Ce mécanisme n’a rien d’un accident. Il transforme un objet manufacturé en actif financier, et c’est précisément ce qui permet de vendre à 30 fois le coût de fabrication sans que personne ne crie au scandale.

Face à une Seiko ou une Tissot, l’écart de prix explose sans écart de qualité équivalent

Une Seiko Presage, montre automatique japonaise fabriquée avec un soin comparable, coûte entre 300 et 600 € neuve. Son mouvement, moins prestigieux mais tout aussi fiable au quotidien, revient à environ 80 € en coût de production.

Le ratio prix/coût de Seiko tourne autour de 4 à 7 fois le prix de revient, contre 30 à 40 fois pour Rolex. La différence ne se joue donc pas sur la précision ou la durabilité, deux montres bien entretenues durent des décennies.

Elle se joue sur trois choses : la marque, la finition perçue, et surtout la garantie de revente à prix stable, voire à la hausse.

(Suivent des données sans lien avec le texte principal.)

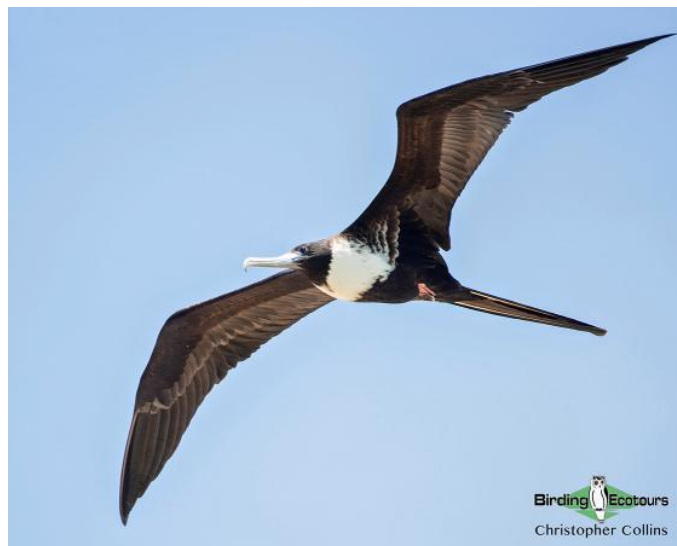
Magnificent Frigatebird female

Magnificent Frigatebird Fregata magnificens – First seen at Fort De Soto Park and then many seen in the Dry Tortugas, which harbors the only breeding colony of this species in the United States. Many hung in the breeze above Fort Jefferson.
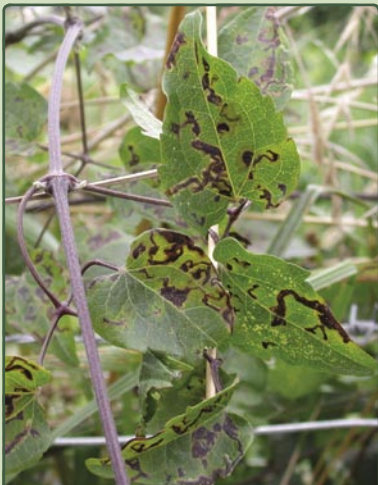
Mines and feeding punctures

Agent: Old Man's Beard Leaf Miner ( Phytomyza vitalbae )
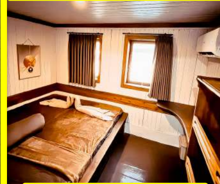
DELUXE CABIN SEA VIEW
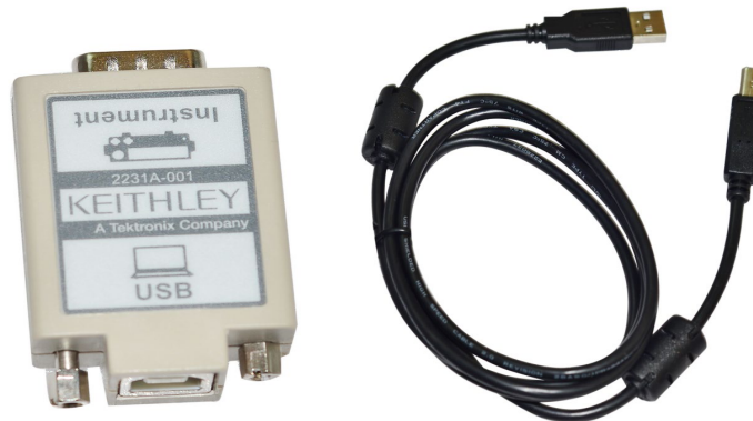
Figure 1: Model 2231A-001 USB Adapter

To set up the remote communication through the Model 2231A-001, configure the computer as follows:
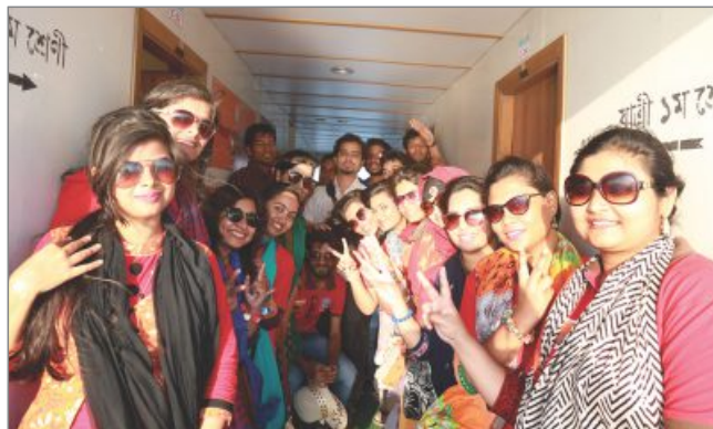
Tour to Saint Martin's Island 2017
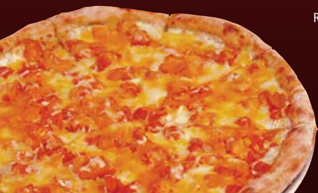
Buffalo Chicken Specialty Pizza

White: mashed potatoes, cheese, kielbasa, and sauerkraut Red: pizza sauce, cheese, kielbasa, and sauerkraut Small 10.50 Medium 13.50 Large 16.50
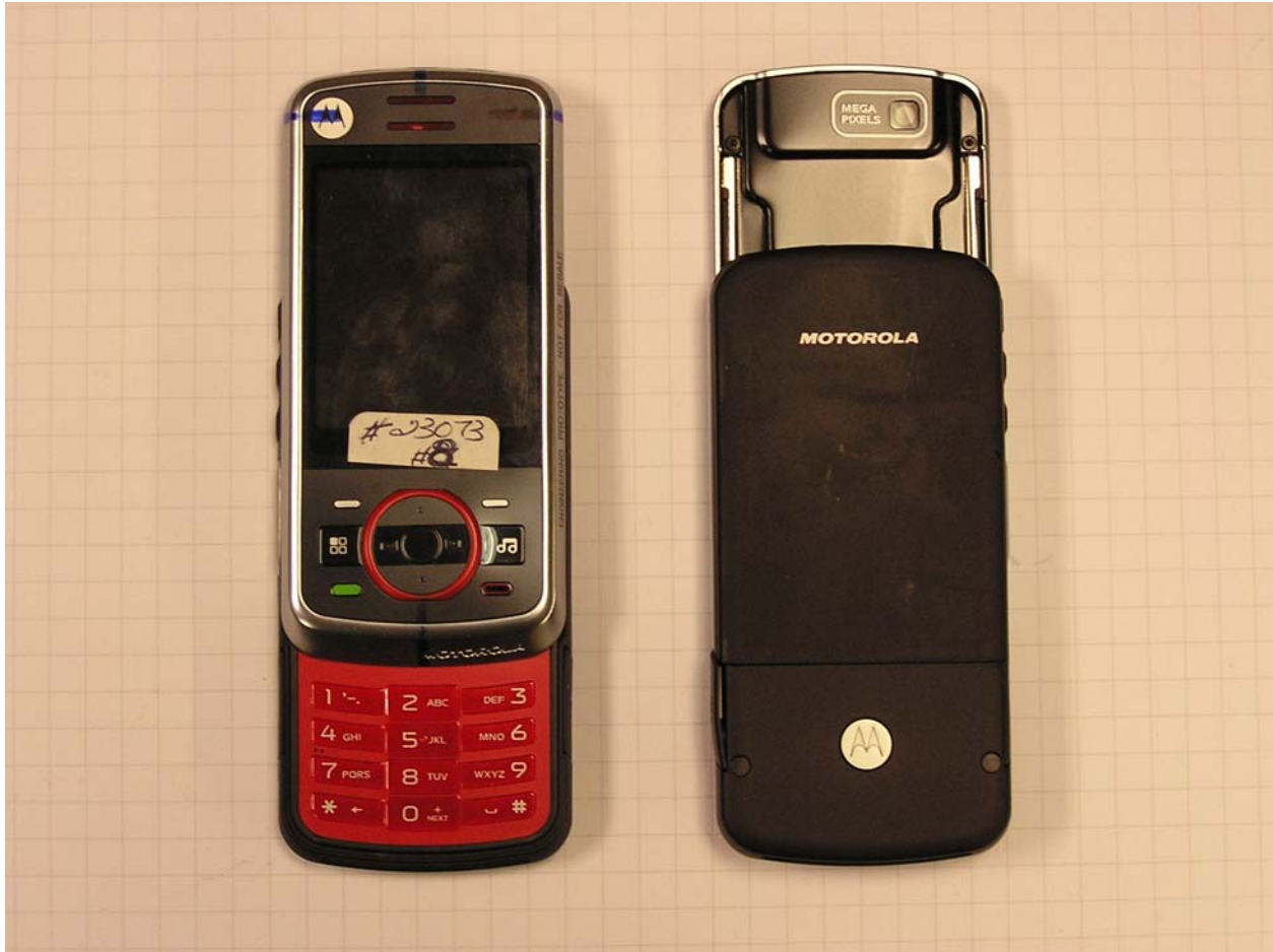
Figure 1. Phone Front and Back (Shown with Slider Open)
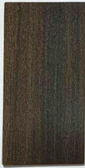
Brown Teak (PMH) 3390 - SD

Une Seiko ne s’apprécie jamais avec le temps, une Rolex si.

Une Tissot PRX, montre suisse à moins de 400 €, utilise elle aussi un mouvement automatique de qualité comparable à celui d’entrée de gamme des grandes maisons. Elle ne bénéficiera jamais du même statut d’objet de collection.

C’est tout l’enjeu : payer une Rolex, c’est payer un ticket d’entrée dans un club fermé où la marque contrôle l’offre, les revendeurs et même le marché de la seconde main.

Ce que tu paies vraiment sur le poignet

Le coût de fabrication d’une Rolex ne représente qu’une infime part du prix final. Le reste finance une stratégie de rareté savamment orchestrée depuis des décennies.

La prochaine fois que tu croiseras une Submariner à 9 500 €, tu sauras que tu ne paies pas de l’acier ni un mouvement mécanique. Tu paies l’accès à une liste d’attente et la promesse que l’objet ne perdra jamais de valeur.